The Rail Gaze CD Club: These Changing Skies, Elephant Revival

If you listen to pop radio today, you might get a rather narrow impression of folk music: banjos, unrequitted love and rousing choruses. In truth, the genre is more expansive, as Elephant Revival will be the first to remind you. Their regular instrumental lineup falls on the traditional side: an acoustic guitar, a banjo, a double bass, a mandolin, a fiddle and a washboard.[1] Within a handful of songs, they’ll also manage to cycle in a few more classics (good ol’ pedal steel guitar and mandolin) as well a few less common instruments (musical saw or djembe, anyone?).

Even more thrilling is the melodic range Elephant Revival draws out of these instruments, nowhere more evident than on their masterwork, These Changing Skies. These Changing Skies jumps from the full-on jig of “The Pasture” to the pensive country of “Satisfied” to the old-timey pop of “Grace of a Woman,”[2] all without ever seeming unfocused or scattered.

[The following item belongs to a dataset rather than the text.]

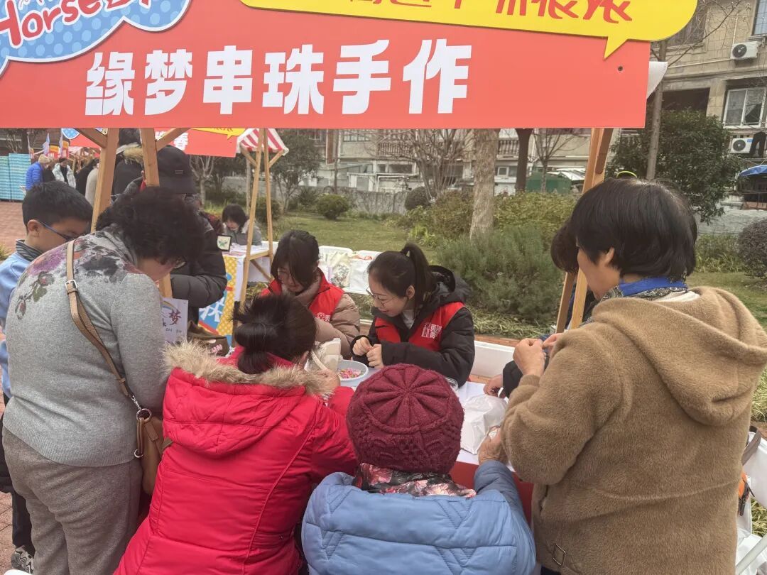 主会场外,凝“新”聚企,Horse连“联”——淡水街区年味很浓新春集市热闹开启,吸引周边居民、白领、新兴领域群体纷纷参与。集市分为“年味正浓”“非遗趣造”“公益同行”三个区域,既能采买百年品牌“恒源祥”的年节服饰,置办胡庆余堂、真老大房、老大昌、泰康食品、大富贵等老字号的年货年味,也能现场感受非遗剪纸、拓印福字、串珠手作、红绳编织等年俗文化,还能参与以书换蔬、思南读书会等公益志愿服务项目。

What’s more, many of the songs are musical roller coasters in themselves. “Rogue River” is dominated by a bone-rattling djembe part that enters and exits the otherwise a capella arrangement like waves in a tempest. Frontwoman Bonnie Paine’s often gratuitous vibrato serves her well here, as it adds a certain rawness to her tale of an alcoholic single mother.

In “Down to the Sea,” strings swirl around the pulsing percussion like rain wrapping a car that that nonetheless shoots down the highway. The momentum of the rhythm grabs the listener and pulls them along the road with the narrator as he sings of his attempts to repair his relationship with a distant ex-lover. At the end of each verse, the washboard halts and the string slow for the final lines, a reminder of the sobering ending that surely awaits this breathless trip.

Simpler but no less powerful is “Spinning”—a jig about the jubilation of the saints. The band pulls off euphoria quite well with a jaunting arrangement that seems ready to burst with overabundance at each moment.

The saints’ song of joy? “They sing what comes of hearts and tongues”—traits they share with mortal humans. This connection of daily life with the transcendent[3] is just another example of Elephant Revival’s extravagant human melodrama. The unabashed romanticism might be harder to swallow if Elephant Revival didn’t build it upon such an affecting musical tapestry. Richness of experience and the musical eloquence to convey it. Hearts and tongues indeed.

[1] If you are like me three years ago, you may wonder how a washboard can sound any good. Listen to Elephant Revival. You will learn to love the washboard’s rapid-fire beats. Back.

[2] The lyrics are, as you might imagine, somewhat regressive. Back.

[3] A key theme throughout Elephant Revival’s career: see “Raven Song” and “What Is Time” for some stellar examples off of other albums. Back.